● **Task**
From the line containing "Stapelbed Scottie, geschikt" to the line containing "Crafted with fossilized" in the entries below, reproduce every line exactly, ends included. Nothing else belongs in the copy, and no pictures.

*** Supplied material ***

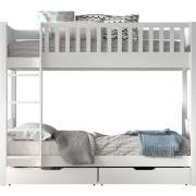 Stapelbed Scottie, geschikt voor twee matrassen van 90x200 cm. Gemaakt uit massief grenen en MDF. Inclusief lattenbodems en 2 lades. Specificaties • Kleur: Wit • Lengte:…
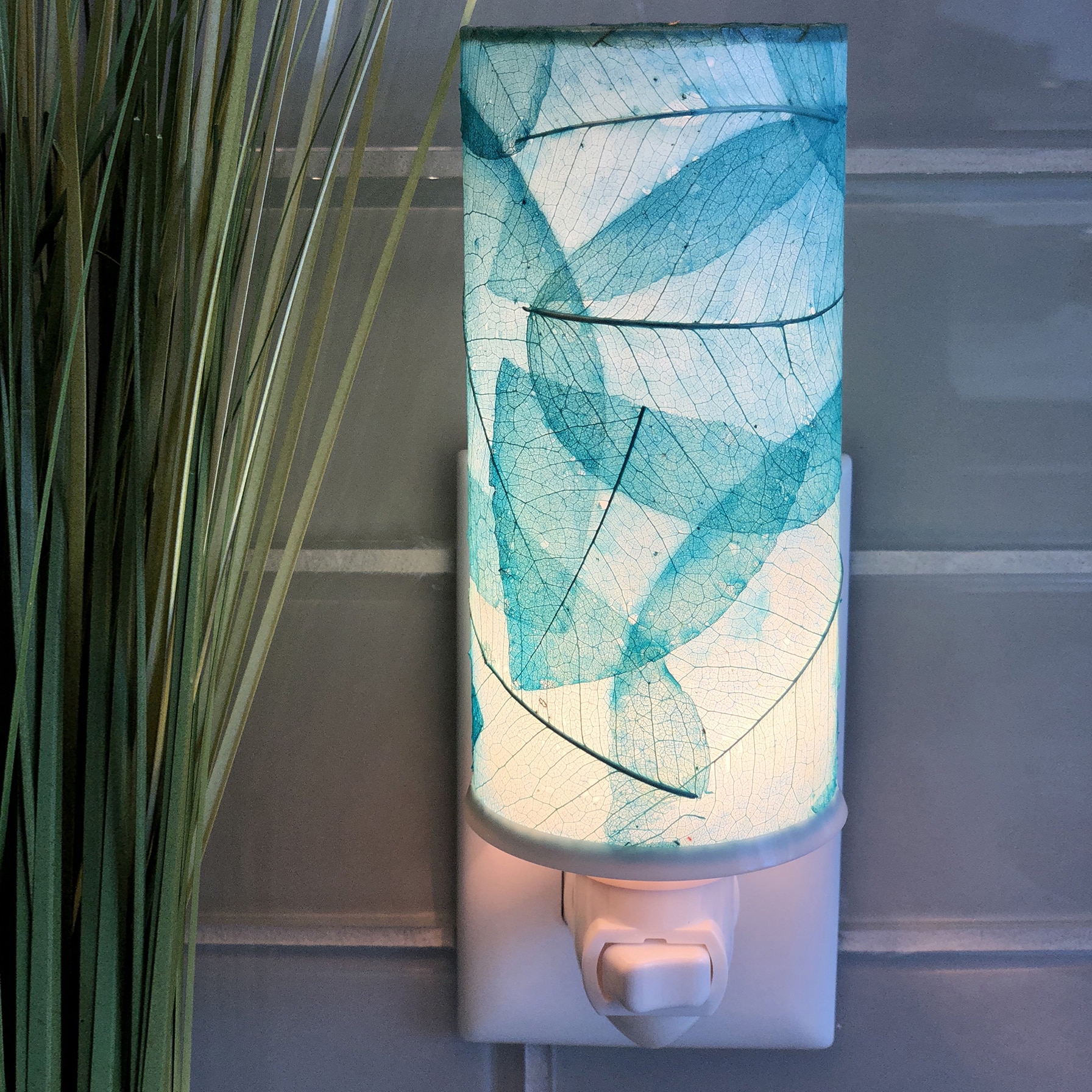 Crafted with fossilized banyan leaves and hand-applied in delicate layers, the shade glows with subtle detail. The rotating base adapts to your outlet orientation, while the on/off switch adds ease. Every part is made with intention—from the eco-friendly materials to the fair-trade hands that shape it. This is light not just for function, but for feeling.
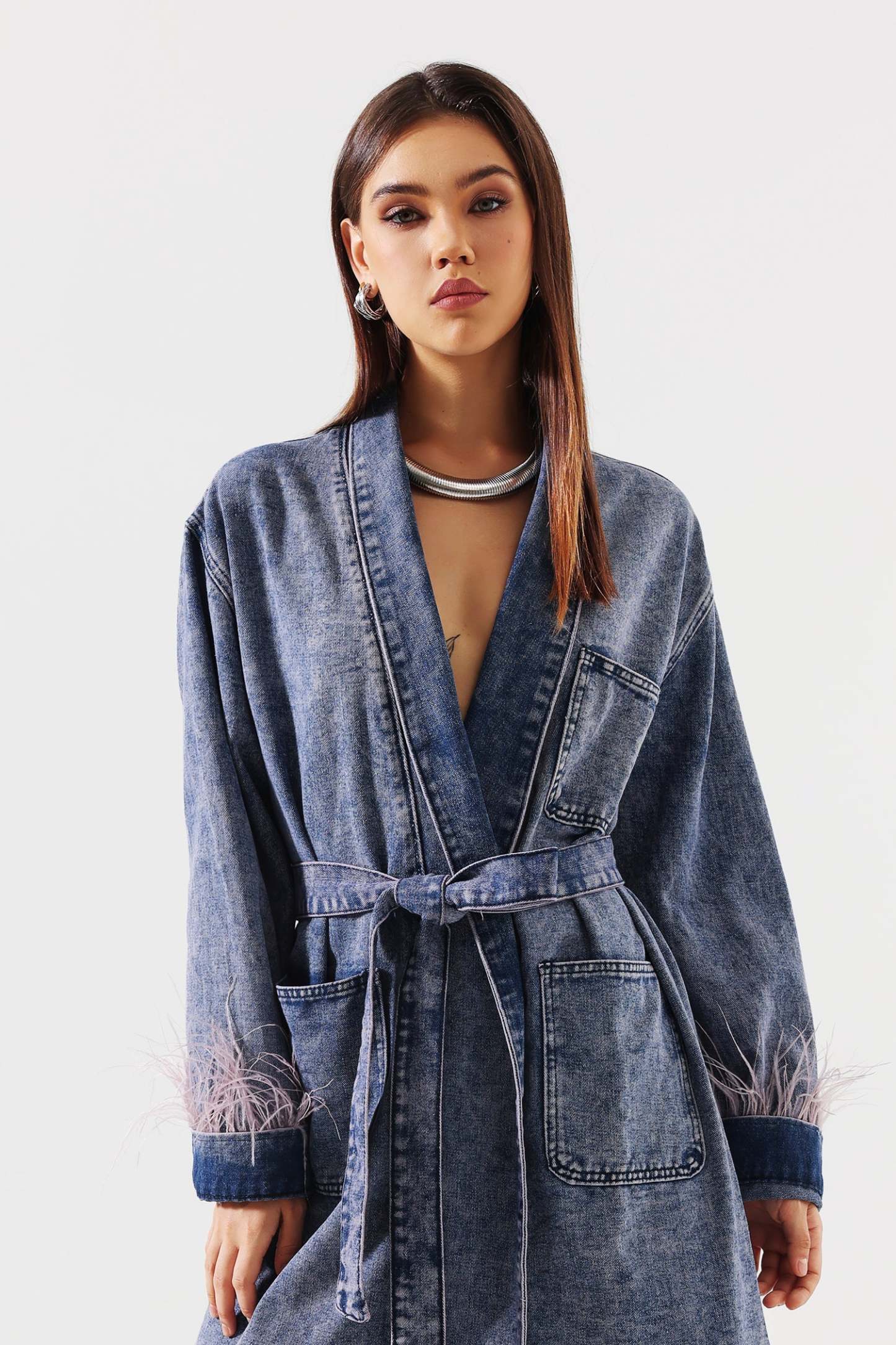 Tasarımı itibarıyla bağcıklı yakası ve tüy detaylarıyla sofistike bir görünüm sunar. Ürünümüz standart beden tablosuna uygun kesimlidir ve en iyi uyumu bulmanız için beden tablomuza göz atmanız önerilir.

*** End of Supplied material ***
*** Supplied material ***

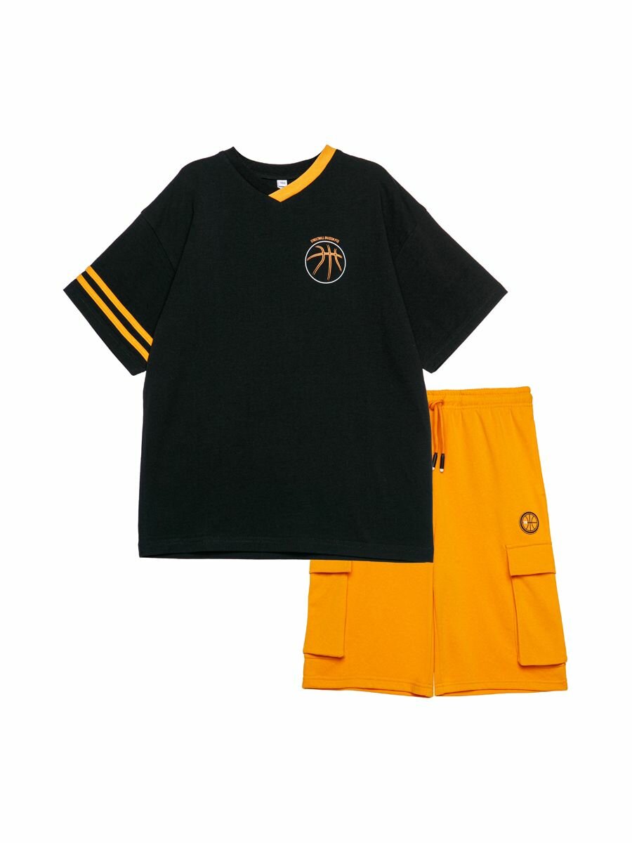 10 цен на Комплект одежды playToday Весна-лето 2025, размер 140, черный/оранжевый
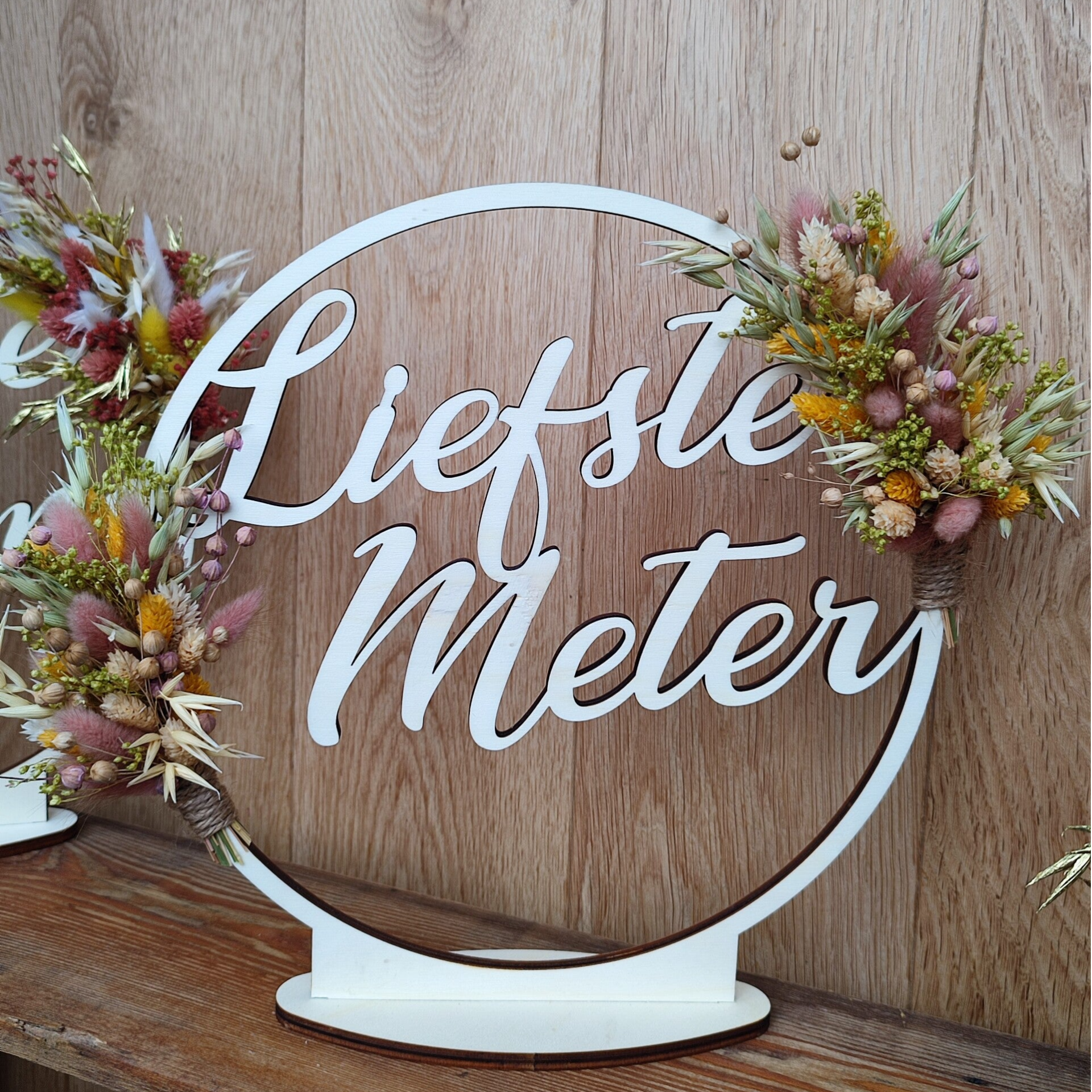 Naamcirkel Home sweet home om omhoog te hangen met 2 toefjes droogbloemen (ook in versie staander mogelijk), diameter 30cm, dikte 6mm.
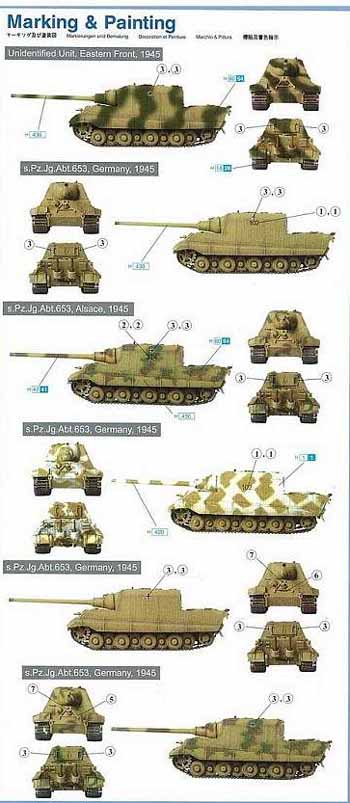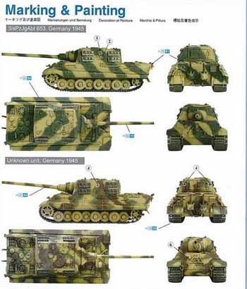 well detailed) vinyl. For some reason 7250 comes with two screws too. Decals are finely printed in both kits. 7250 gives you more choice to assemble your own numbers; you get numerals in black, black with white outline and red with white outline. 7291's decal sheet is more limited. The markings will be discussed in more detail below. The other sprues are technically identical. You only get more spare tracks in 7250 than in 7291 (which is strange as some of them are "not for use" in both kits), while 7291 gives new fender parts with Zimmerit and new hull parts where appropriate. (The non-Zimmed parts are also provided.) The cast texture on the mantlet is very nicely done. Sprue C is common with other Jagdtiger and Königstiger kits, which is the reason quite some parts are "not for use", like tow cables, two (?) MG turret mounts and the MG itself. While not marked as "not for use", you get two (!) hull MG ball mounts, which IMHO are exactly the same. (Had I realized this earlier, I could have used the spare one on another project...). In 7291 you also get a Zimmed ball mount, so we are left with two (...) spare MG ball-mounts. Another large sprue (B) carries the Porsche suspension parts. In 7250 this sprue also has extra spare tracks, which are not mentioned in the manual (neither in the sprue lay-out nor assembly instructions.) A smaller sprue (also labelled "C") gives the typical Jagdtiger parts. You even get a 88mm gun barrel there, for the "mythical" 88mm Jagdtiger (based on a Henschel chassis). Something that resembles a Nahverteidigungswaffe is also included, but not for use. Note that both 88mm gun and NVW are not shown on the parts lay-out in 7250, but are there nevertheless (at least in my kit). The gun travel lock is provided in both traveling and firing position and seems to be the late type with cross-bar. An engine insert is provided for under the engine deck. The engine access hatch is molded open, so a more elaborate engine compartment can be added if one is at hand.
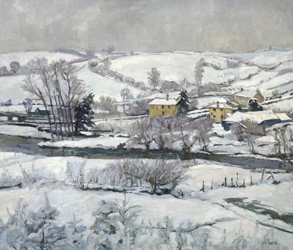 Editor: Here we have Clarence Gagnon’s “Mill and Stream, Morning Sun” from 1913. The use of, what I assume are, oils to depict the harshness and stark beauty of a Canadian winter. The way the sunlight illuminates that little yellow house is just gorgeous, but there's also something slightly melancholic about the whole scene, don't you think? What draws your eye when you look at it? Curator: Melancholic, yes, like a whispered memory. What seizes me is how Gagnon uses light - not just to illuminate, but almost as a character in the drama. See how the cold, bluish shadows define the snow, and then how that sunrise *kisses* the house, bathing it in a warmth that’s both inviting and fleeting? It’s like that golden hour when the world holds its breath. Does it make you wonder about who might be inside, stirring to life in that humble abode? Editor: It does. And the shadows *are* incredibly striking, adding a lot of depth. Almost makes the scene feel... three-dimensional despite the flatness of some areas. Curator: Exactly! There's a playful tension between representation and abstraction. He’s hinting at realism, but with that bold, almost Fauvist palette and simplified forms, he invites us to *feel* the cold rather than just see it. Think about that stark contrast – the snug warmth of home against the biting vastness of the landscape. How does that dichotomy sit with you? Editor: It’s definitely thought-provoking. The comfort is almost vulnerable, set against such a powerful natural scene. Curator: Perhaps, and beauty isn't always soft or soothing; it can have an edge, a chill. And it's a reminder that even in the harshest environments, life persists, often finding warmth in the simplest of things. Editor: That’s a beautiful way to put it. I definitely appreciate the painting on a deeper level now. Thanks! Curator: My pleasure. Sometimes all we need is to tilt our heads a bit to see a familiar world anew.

*** End of Supplied material ***

● **Result of the exercise**
 Stapelbed Scottie, geschikt voor twee matrassen van 90x200 cm. Gemaakt uit massief grenen en MDF. Inclusief lattenbodems en 2 lades. Specificaties • Kleur: Wit • Lengte:…
 Crafted with fossilized banyan leaves and hand-applied in delicate layers, the shade glows with subtle detail. The rotating base adapts to your outlet orientation, while the on/off switch adds ease. Every part is made with intention—from the eco-friendly materials to the fair-trade hands that shape it. This is light not just for function, but for feeling.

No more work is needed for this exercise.